Starlink Version 3 satellites are being deployed now. They are substantially different from the V1 and V2 satellites that built the initial constellation and the differences matter for SpaceX's revenue trajectory heading into the IPO.
The most important change is laser inter-satellite links as standard across the entire V3 fleet. V1 satellites used ground stations as relay points — signals traveled from user to satellite to ground station to destination. V2 introduced laser links on some satellites. V3 has them on all satellites. The practical effect is that Starlink can now route traffic across the constellation without touching the ground — which means coverage in the middle of the Pacific Ocean or over Antarctica is as capable as coverage over a major city with ground infrastructure.

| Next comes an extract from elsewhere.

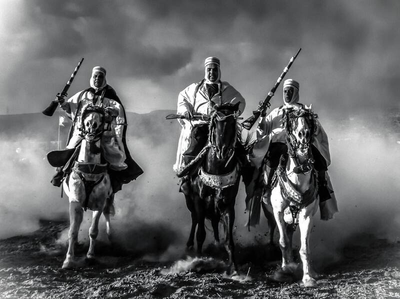 Événement culturelle Algérienne des chevauchés avec des pures sang arabe compétition de course chaque tribus cherche a être au premier avec des beaux costume et fusil d un beau guerrier

This matters enormously for the government and enterprise market. Military units operating in remote locations, ships at sea, aircraft over oceans — these customers need connectivity where ground infrastructure doesn't exist. V3's laser link standard makes Starlink genuinely competitive for these use cases in a way that V1 and V2 were not.
The second major change is capacity. V3 satellites carry substantially more bandwidth per satellite than their predecessors. As V3 satellites replace earlier generations the total constellation capacity grows even as the satellite count stays roughly constant. More capacity per satellite means more subscribers per orbital slot and better economics per bit delivered.
The competitive picture is relevant here. Amazon's Kuiper constellation is in early deployment. OneWeb is operational at lower capacity. Neither has Starlink's scale, coverage, or the V3 laser link architecture. Kuiper is the most credible long-term competitor and it is years behind on constellation build-out.
Starlink at 7,200 satellites with V3 laser links is a different product than Starlink at 1,000 V1 satellites. The $11.4 billion in 2025 revenue was built on the earlier constellation. The V3 upgrade is the infrastructure behind the next phase of revenue growth. Watch the subscriber numbers over the next 18 months — V3 deployment is the engine behind them.